ARM’s AFRC is the clear winner. It’s not only superior to software implementations like Spark, but it also outperforms all the other vendors across all formats.

Format	1:2 RMSE	1:4 RMSE
R8 Metal Lossy	1.8579	—
R8 AFRC	1.4937	—
R8 PVRIC4	3.4346	—
Spark BC4	1.7149	—
RG8 Metal Lossy	3.1757	—
RG8 AFRC	2.2079	—
RG8 PVRIC4	5.4392	—
Spark BC5	3.0442	—
RGBA8 Metal Lossy	1.4947	—
RGBA8 AFRC	0.6679	3.4184
RGBA8 PVRIC4	2.3160	—
Spark BC7	—	4.2136

It’s worth noting that my PVRIC4 results may not reflect the hardware’s full potential. The driver appears to ignore the requested compression ratio and always defaults to 1:2, so I’m hoping to revisit these results once the issue is fixed.

Native hardware compression is a compelling alternative to real-time compression. The main caveat is that it’s currently limited to modern high-end devices, which are also the ones with the most memory and bandwidth to spare.

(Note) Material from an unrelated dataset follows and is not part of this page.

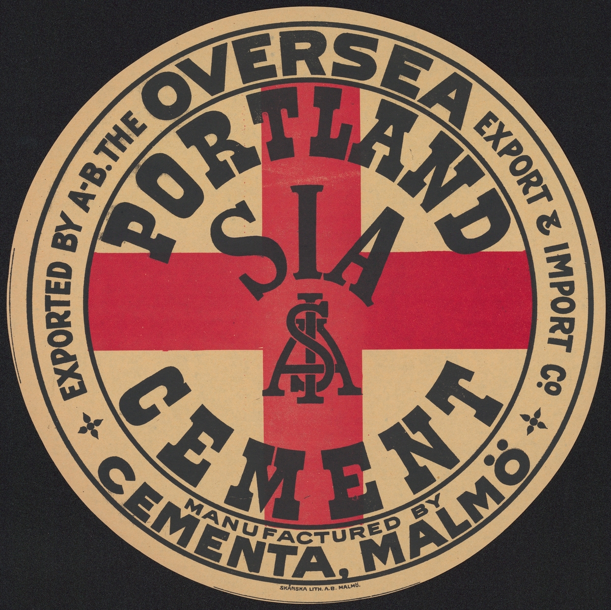 Fabriksmärke för cementpåsar. Portland Cement. Cement, Malmö.
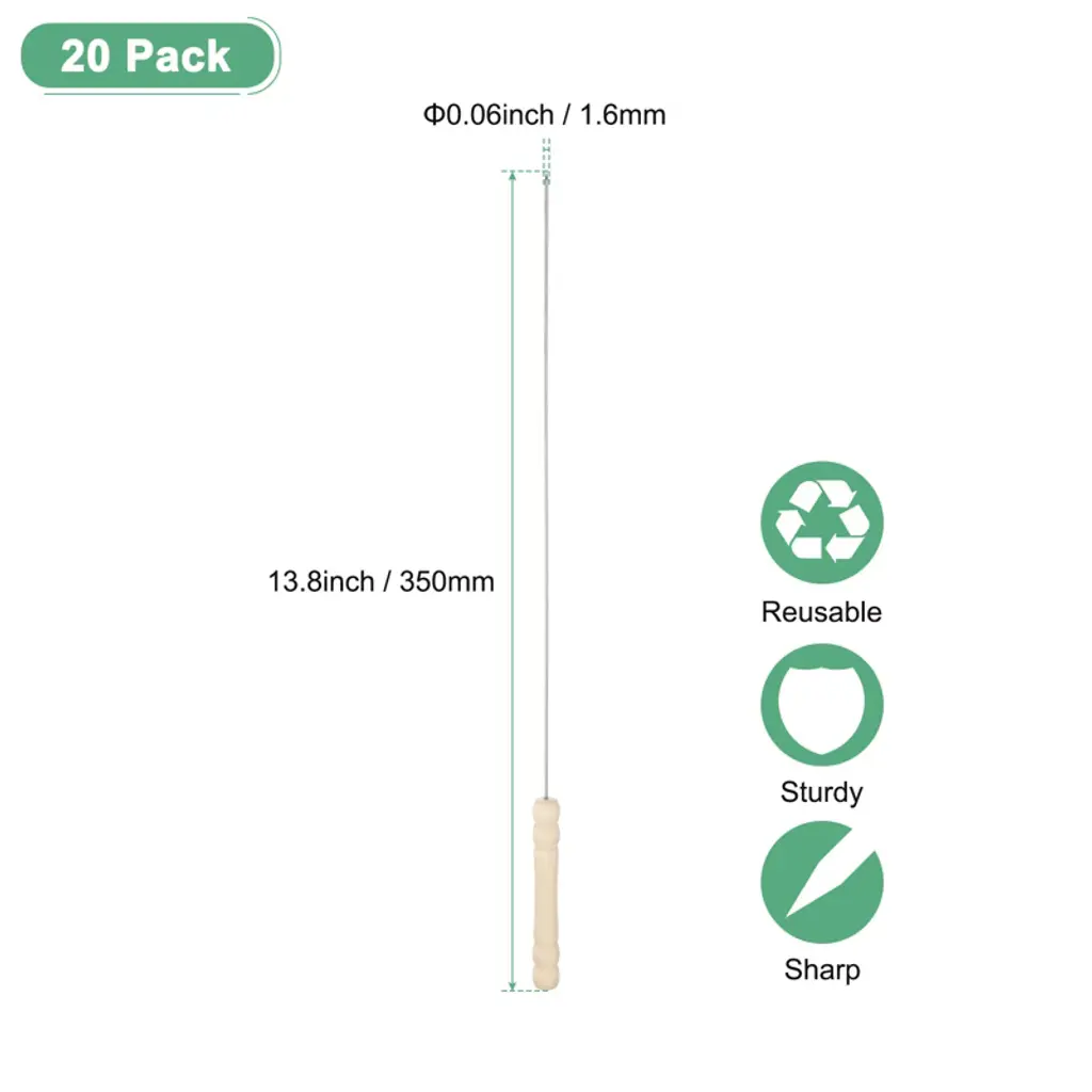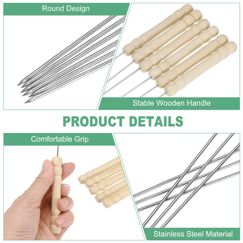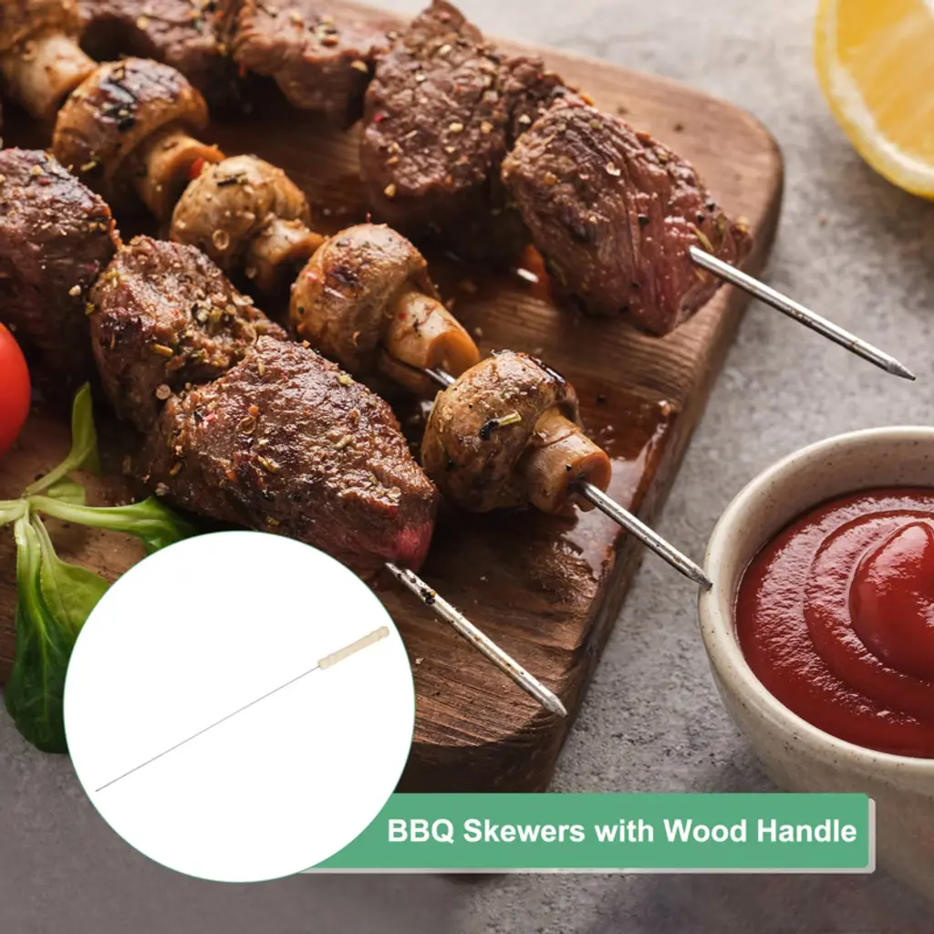 Stainless steel barbecue skewers are versatile for grilling a wide range of foods, including meats, fruits, and vegetables. Perfect for outdoor BBQ parties, picnics, camping trips, or family gatherings. Constructed from durable stainless steel, these BBQ sticks offer longevity and reliability when cooking various foods over an open flame. Equipped with a wooden handle for a comfortable grip while grilling, ensuring ease of use. The wooden handle is heat-resistant, non-slip, and provides a secure and comfortable hold. To preserve the durability of the stainless steel skewers, it is recommended to hand wash and thoroughly dry them after each use, and avoid exposing the wooden handles to moisture.

Even when native hardware compression is available, there are good reasons to continue using Spark. Hardware compression output varies across vendors, and in some cases, as we saw with PVRIC4, the quality falls short of what a real-time encoder can achieve. If consistent, predictable output across all vendors matters for your use case, then Spark remains the right tool.

Finally, it’s worth noting that none of these hardware compression formats are currently exposed through WebGPU. If that changes in the future, extending spark.js to support them would be straightforward. The library could automatically select the best format supported by the underlying hardware, with no changes required from the application.